All was depression and abject superstition within the city. The "celestial image of the Virgin" was paraded in solemn procession; but their divine patroness" was deaf to their entreaties. This, their daemonialism and idolatry, had brought upon them the calamities they endured. The shouts of the myriads without their walls proclaimed the truth by which they were condemned -- "God is God! there is but one God!" and this one God it was, who, by all the four Euphratean angel-powers, was vindicating his Unity against the more than pagan multitude of the gods and goddesses of the catholic aerial. The morning of May 29, 1453, at length dawned.
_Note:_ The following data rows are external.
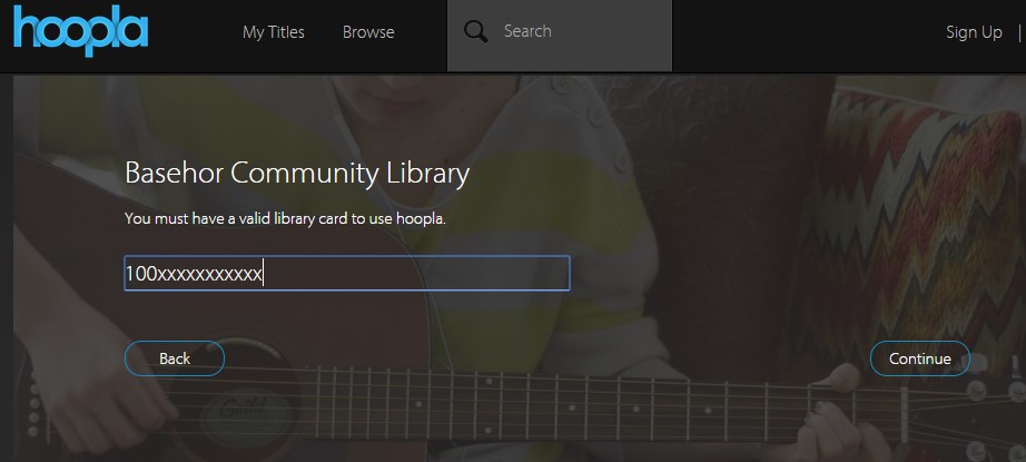 Click Continue.Choose Basehor Community Library or search for it in the space provided.Click Continue. - Enter your library card number and, click Continue.
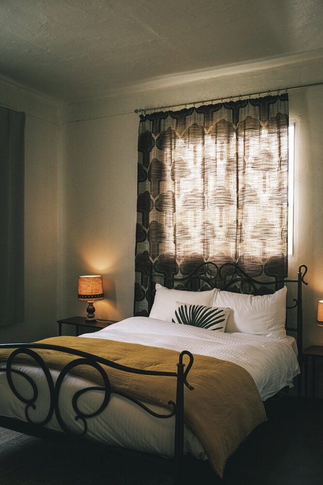 ベッドルームはツインとダブルベッドを設置した2つ。どちらもシンプルで落ち着いた空間に、ミッドセンチュリーインテリアをさりげなく設置している。長期滞在したくなる心地よさ。
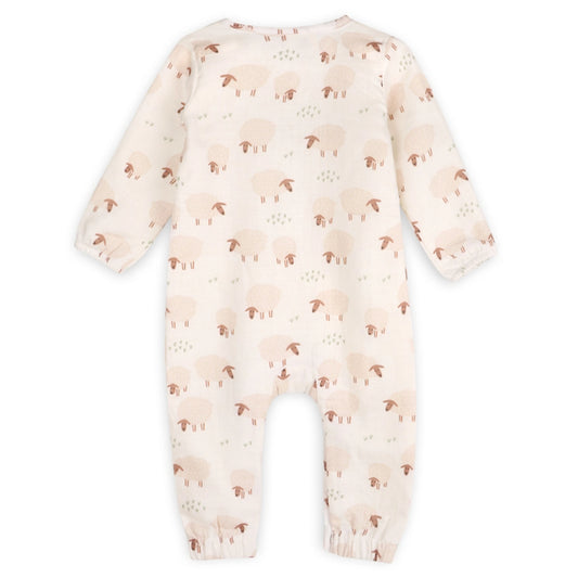 Viverano Organics Sheep Long Sleeve Baby Jumpsuit (Organic Muslin)
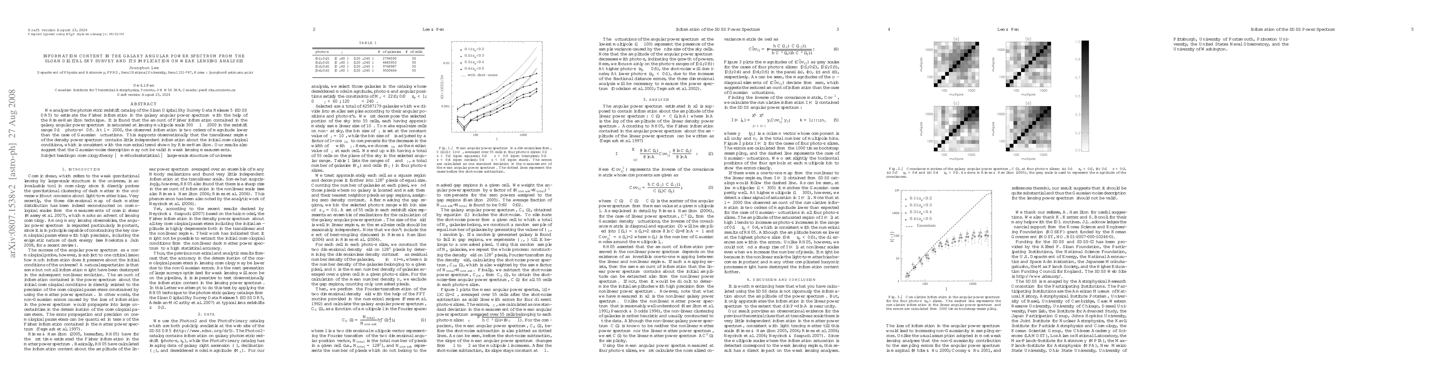 This paper analyzes the Sloan Digital Sky Survey DR5 data to estimate the Fisher information in the galaxy angular power spectrum, finding that it is saturated at certain multipole scales, indicating limited information in the translinear regime. The study suggests that Gaussian-noise assumptions may not hold for weak lensing measurements.
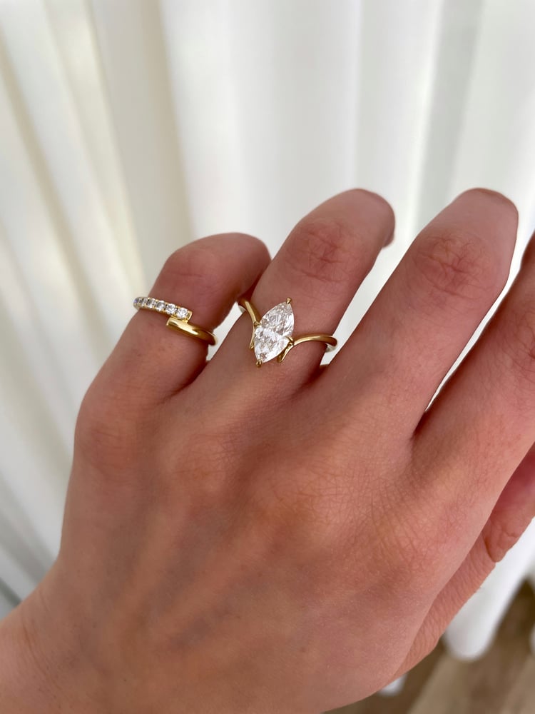 Pear shaped diamonds are symbols of longevity, love, faithfulness, and the enchanting beauty of nature. Beyond its charm, the pear-shaped diamond holds significance for couples as a symbol of independence, individuality, and empowerment. Pear shaped diamonds symbolise a relationship that embraces growth and embarks on an adventurous love journey. The elongated pear shape of the diamond can accentuate and lengthen the appearance of the wearer’s fingers, contributing to its elegant and sophisticated look.
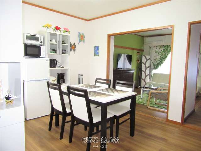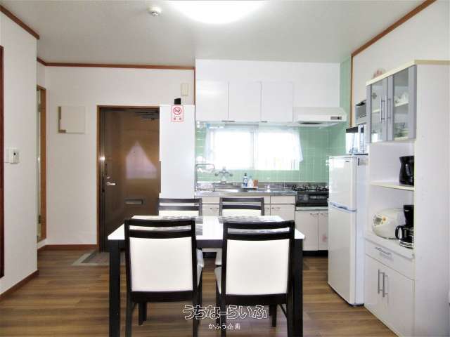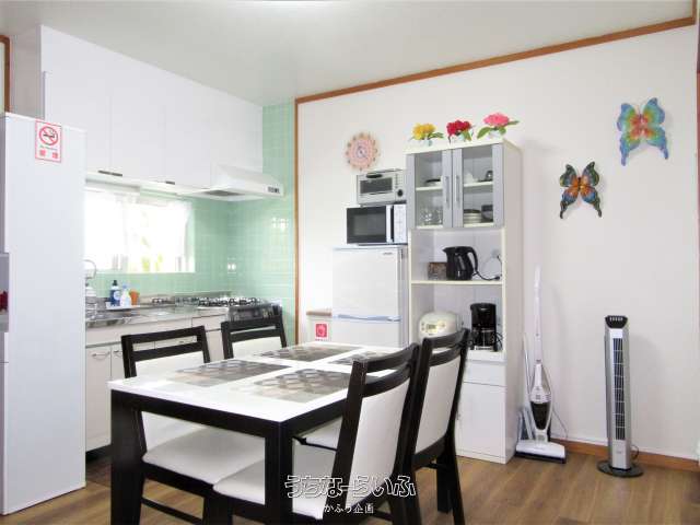 | 設備備考 | ☆家具類:シングルベッド2台、ソファベッド1台、エアーベッド1台、食卓テーブルセット、パソコンデスクセット、鏡付ドレッサー、キッチンボード、 ☆家電:エアコン2台、TV、洗濯乾燥機、冷蔵庫、電子レンジ、炊飯器、電気ケトル、コーヒーメーカー、掃除機、ヘアードライアー、アイロン、 ☆生活用品:鍋類、食器類、洗濯用洗剤類、食器用洗剤、シャンプー、リンス、ボディーソープ等☆寝具類レンタル料込み |

The myriads pressed forward to the breach, while the Ottoman artillery thundered from all sides; and the camp and city, the Greeks and the Turks, were involved in a cloud of smoke, which could only be dispelled by the deliverance or destruction of the Roman empire. The Turks were a hundred times more numerous than the idolators. The double walls were -reduced by cannon to a heap of ruins; and their valiant emperor had fallen in the fight, and lay buried under a mountain of the slain. After his death, resistance and order vanished; the Greeks fled towards the city; and, in the heat of the pursuit, two thousand worshippers of the Virgin fell beneath the scymitars of the victorious Turks; and, thenceforth Constantinople became the capital of the Fourth Euphratean angel-power. Thus was killed the Eastern Roman Third of the men, at the full end of "the hour, and day, and month and year," or 391 years and 30 days from the perfected preparation of the first angel-power.